Against the background of this confusion there had been an upswing, on the shortlist of possible successors, of the candidacy of Cardinal Matteo Zuppi, archbishop of Bologna and president of the Italian episcopal conference.

He was seen as the man capable of continuing the journey Francis has begun in a form more amicable and orderly, less monocratic and without the continuous alternation of openings and closings that characterizes the current pontificate. Moreover, in the forward march to the conclave Zuppi can count on the formidable lobby of the Community of Sant’Egidio, of which he is a historic member. With shrewdness, both he and the Community have always avoided taking clear-cut positions on controversial issues like homosexuality, married clergy, women priests, democracy in the Church, the war in Ukraine, with the effect of garnering some consensus even among the more moderate cardinals. The founder and undisputed head of the Community, Andrea Riccardi, a Church historian, also takes care not to formulate solely positive judgments on the pontificate and person of Bergoglio.

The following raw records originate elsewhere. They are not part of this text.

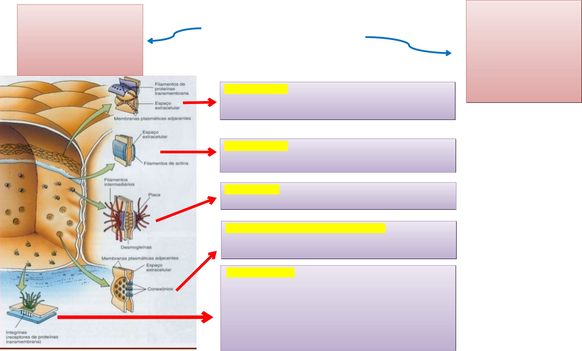 ( Junção Aderente: Adesões célula-célula. Conectam os feixes de filamentos de actina de uma célula com as da outra célula ) ( FUNCIONA COMO: Adesão célula-célula Vedantes (impede o fluxo de matérias para o espaço intracelular) Canais para a comunicação entre células adjacentes . ) ( JUNÇÕES INTERCELULARES ) ( Tipo de especialização das membranas laterais de células. Essas junções garantem a justa posição do tecido epitelial ) ( Junção Oclusiva : selam os espaços entre as células do epitélio, tornando-o uma barreira impermeável (ou seletivamente permeável). ) ( Desmossomos: Conectam os filamentos intermediários de uma célula com a outra. Proporciona força mecânica. ) ( Junção comunicação ou junções do tipo gap : As quais criam poros na membrana das células, permitindo o fluxo de íons e moléculas entre célula-célula. Liga os citoplasmas de 2 células células adjacentes. ) ( Hemidesmossomo : Junção responsável pela adesão da cél ula à matriz extracelular. Esse tipo de junção é constituída principalmente por uma família de proteínas denominadas integrinas, que se localizam na membrana da célula e se comunicam tanto com o exterior, quanto com o interior celular. )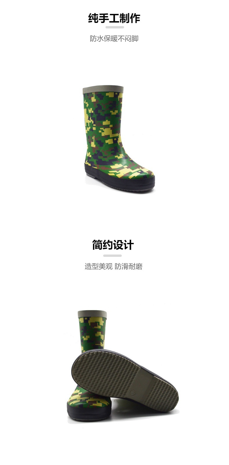 어린이 장화 두꺼운 어린이 물 신발 높은 방수 미끄럼 방지 위장 고무 장화 수출 bsci 공장 검사 사용자 정의스토어 가기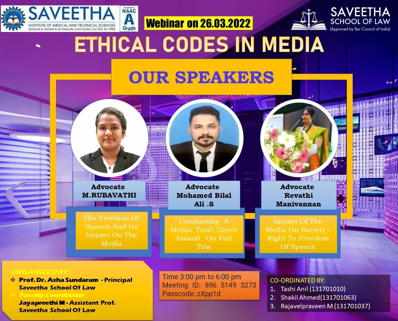 We take immense pleasure in inviting you all to a webinar on "ETHICAL CODES IN MEDIA "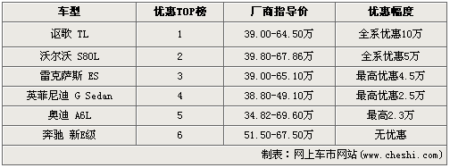 要說(shuō)寶馬全新一代5系LI車(chē)型的上市撼動(dòng)整個(gè)中級(jí)車(chē)市場(chǎng),這樣的說(shuō)法絕對(duì)不算嚴(yán)重。同級(jí)別車(chē)型都沒(méi)閑著,紛紛打出降價(jià)牌。排行榜中高居榜首的是本田的高端品牌謳歌TL車(chē)型,以全系優(yōu)惠10萬(wàn)元的巨大幅度拔得頭籌;中間分列二三四五位的是沃爾沃S80L:全系優(yōu)惠5萬(wàn)、雷克薩斯ES:最高優(yōu)惠4.5萬(wàn)、英菲尼迪G系列:最高優(yōu)惠2.5萬(wàn)、奧迪A6L最高優(yōu)惠2.3萬(wàn)。唯一一款沒(méi)有降價(jià)的車(chē)型是奔馳剛剛上市才不久的國(guó)產(chǎn)新E級(jí),全系沒(méi)有優(yōu)惠政策,購(gòu)車(chē)需預(yù)定。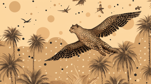 Chinoiserie-inspired wallpaper with a pagoda, elephant, and tiger in a jungle landscape, with many birds flying in the sky. Detailed and high-resolution. --ar 16:9 --v 5.0

Recently, however, Zuppi’s talkativeness – expressed in a deluge of interviews in imitation of the even more talkative Francis – has made ever more plain the ambiguity in which he floats. He abounds in words, but on divisive issues he grows vague. Some have compared him with Zelig, the chameleonic character invented by Woody Allen, applauded by all without ever troubling anyone. Too puny to bind and loose, on earth as in heaven.